- [Task objective]
Set down the data again word for word. Skip any pictures.
Segment Open
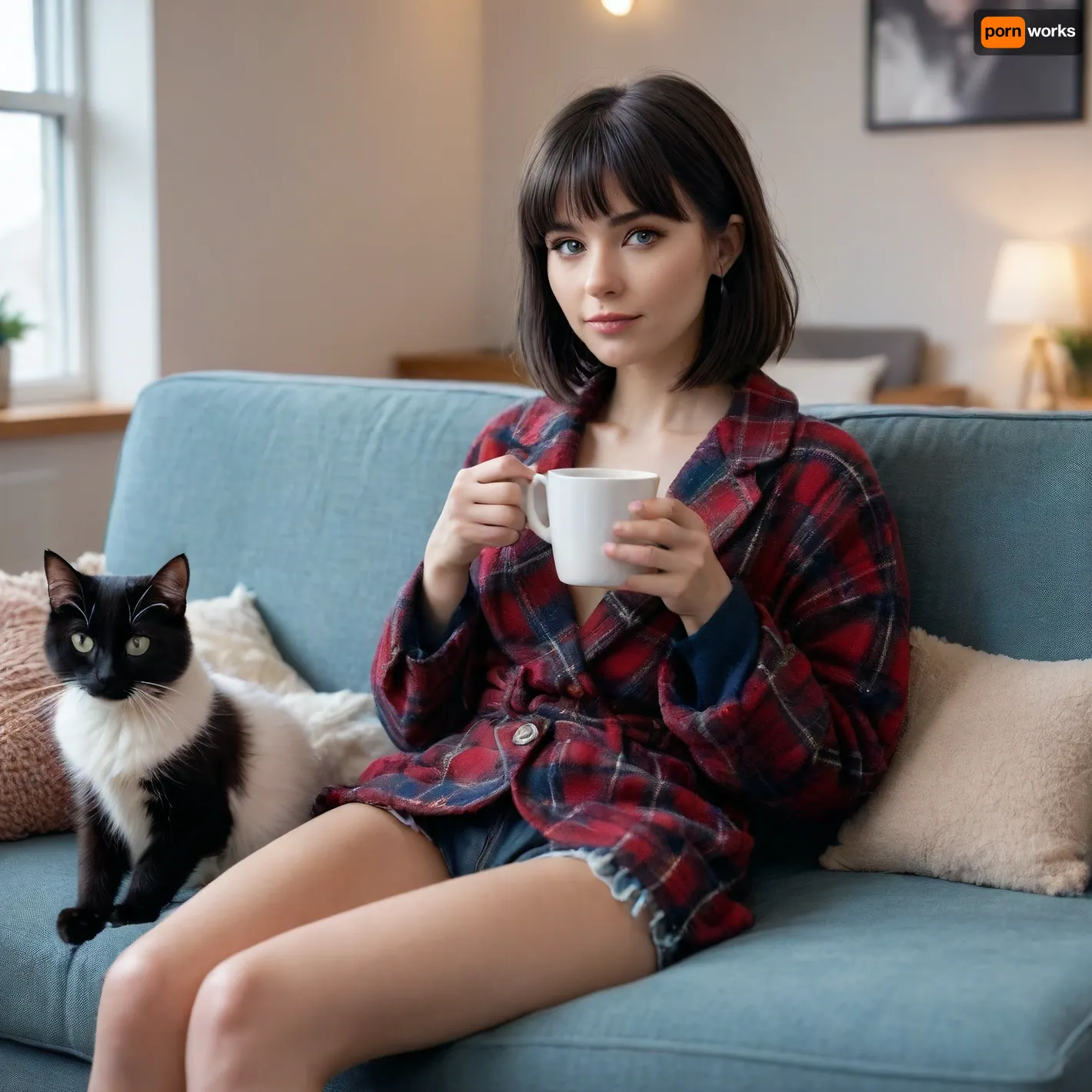 full-length panorama on the lower level of the foreground, wrapped in a plaid plaid, she sits on the couch next to a fluffy kitten and drinks coffee, front view, cozy bedroom, black bob haircut, straight bangs and blue eyes, tanned cutie full-length panorama on the lower level of the foreground, wrapped in a plaid plaid, she sits on the couch next to a fluffy kitten and drinks coffee, front view, cozy bedroom, black bob haircut, straight bangs and blue eyes, tanned cutie
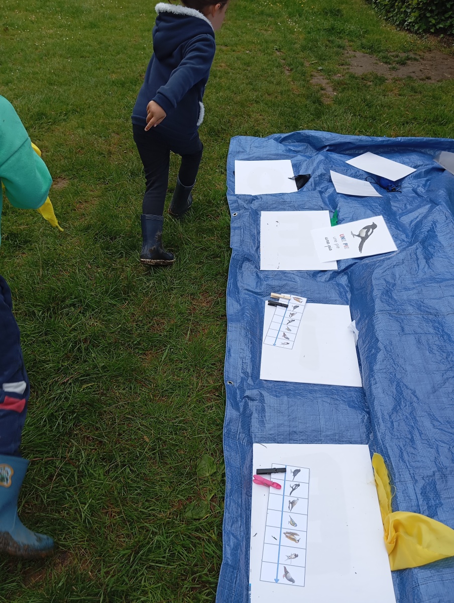Le matin, nous avons fait des activités autour de quelques oiseaux de notre environnement : la mésange, le pigeon, la tourterelle, l’hirondelle, le merle, le pic-vert et la pie.
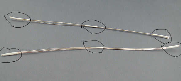 Corte el cable de 20g en 6 pedazos iguales (cerca de 9" de largo). Separe los cables en 2 grupos de 3 hilos. Usando la cinta, envuelva cada grupo en tres áreas. Envoltura de uno en cada extremo y uno en el centro. Tenga cuidado para asegurarse que los paquetes, cuando envuelto, en posición plana y cables no se cruzan.
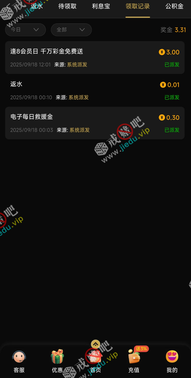有号的去看看,逢8会员日免费彩金。
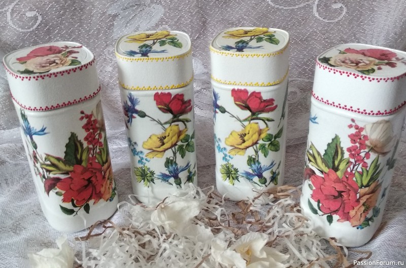 Доброго времени суток всем жителям форума!!! Я опять к вам с новыми работами... НАБОР БАНОК "ЦВЕТЫ" и ДАЧНАЯ ВАЗА "Я ПОДАРЮ ТЕБЕ ПОЛЕВЫЕ ЦВЕТЫ" Цветы, как люди, на добро щедры И, щедро нежность людям отдавая, Они цветут, сердца отогревая, Как маленькие теплые костры... (Ким Жанэ) В этом году каким то чудом у меня оказалось время на декупаж... Люблю декупаж, люблю работать с салфетками, обыгрывать их и составлять из них композиции, с распечатками у меня пока маловато работ, больше меня тянет к салф...
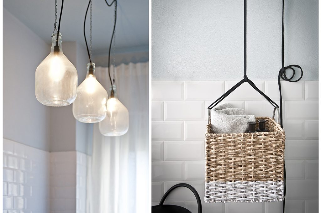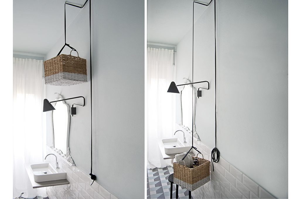 vecchio cestino in vimini? Rendilo un portaoggetti ‘a scomparsa’ con un sistema saliscendi. Lega attorno ai manici una corda, o una fettuccia spessa, che farai passare in 3 anelli fissati a soffitto (così il cesto non rischia di toccare la parete) e in uno avvitato nel muro, in basso, dove farai un nodo per fermare il tutto.
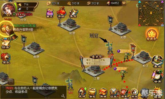 在《国战来了》世界地图中,常常会有贼寇流窜,扰民劫道,为了维护一方领土的安定,出兵剿匪势在必行!随着剿灭的匪徒实力越强,得到的回报也越丰厚哦!
Segment Closed
- [Solution for this task]
 full-length panorama on the lower level of the foreground, wrapped in a plaid plaid, she sits on the couch next to a fluffy kitten and drinks coffee, front view, cozy bedroom, black bob haircut, straight bangs and blue eyes, tanned cutie full-length panorama on the lower level of the foreground, wrapped in a plaid plaid, she sits on the couch next to a fluffy kitten and drinks coffee, front view, cozy bedroom, black bob haircut, straight bangs and blue eyes, tanned cutie
Le matin, nous avons fait des activités autour de quelques oiseaux de notre environnement : la mésange, le pigeon, la tourterelle, l’hirondelle, le merle, le pic-vert et la pie.
 Corte el cable de 20g en 6 pedazos iguales (cerca de 9" de largo). Separe los cables en 2 grupos de 3 hilos. Usando la cinta, envuelva cada grupo en tres áreas. Envoltura de uno en cada extremo y uno en el centro. Tenga cuidado para asegurarse que los paquetes, cuando envuelto, en posición plana y cables no se cruzan.
有号的去看看,逢8会员日免费彩金。
 Доброго времени суток всем жителям форума!!! Я опять к вам с новыми работами... НАБОР БАНОК "ЦВЕТЫ" и ДАЧНАЯ ВАЗА "Я ПОДАРЮ ТЕБЕ ПОЛЕВЫЕ ЦВЕТЫ" Цветы, как люди, на добро щедры И, щедро нежность людям отдавая, Они цветут, сердца отогревая, Как маленькие теплые костры... (Ким Жанэ) В этом году каким то чудом у меня оказалось время на декупаж... Люблю декупаж, люблю работать с салфетками, обыгрывать их и составлять из них композиции, с распечатками у меня пока маловато работ, больше меня тянет к салф...
 vecchio cestino in vimini? Rendilo un portaoggetti ‘a scomparsa’ con un sistema saliscendi. Lega attorno ai manici una corda, o una fettuccia spessa, che farai passare in 3 anelli fissati a soffitto (così il cesto non rischia di toccare la parete) e in uno avvitato nel muro, in basso, dove farai un nodo per fermare il tutto.
 在《国战来了》世界地图中,常常会有贼寇流窜,扰民劫道,为了维护一方领土的安定,出兵剿匪势在必行!随着剿灭的匪徒实力越强,得到的回报也越丰厚哦!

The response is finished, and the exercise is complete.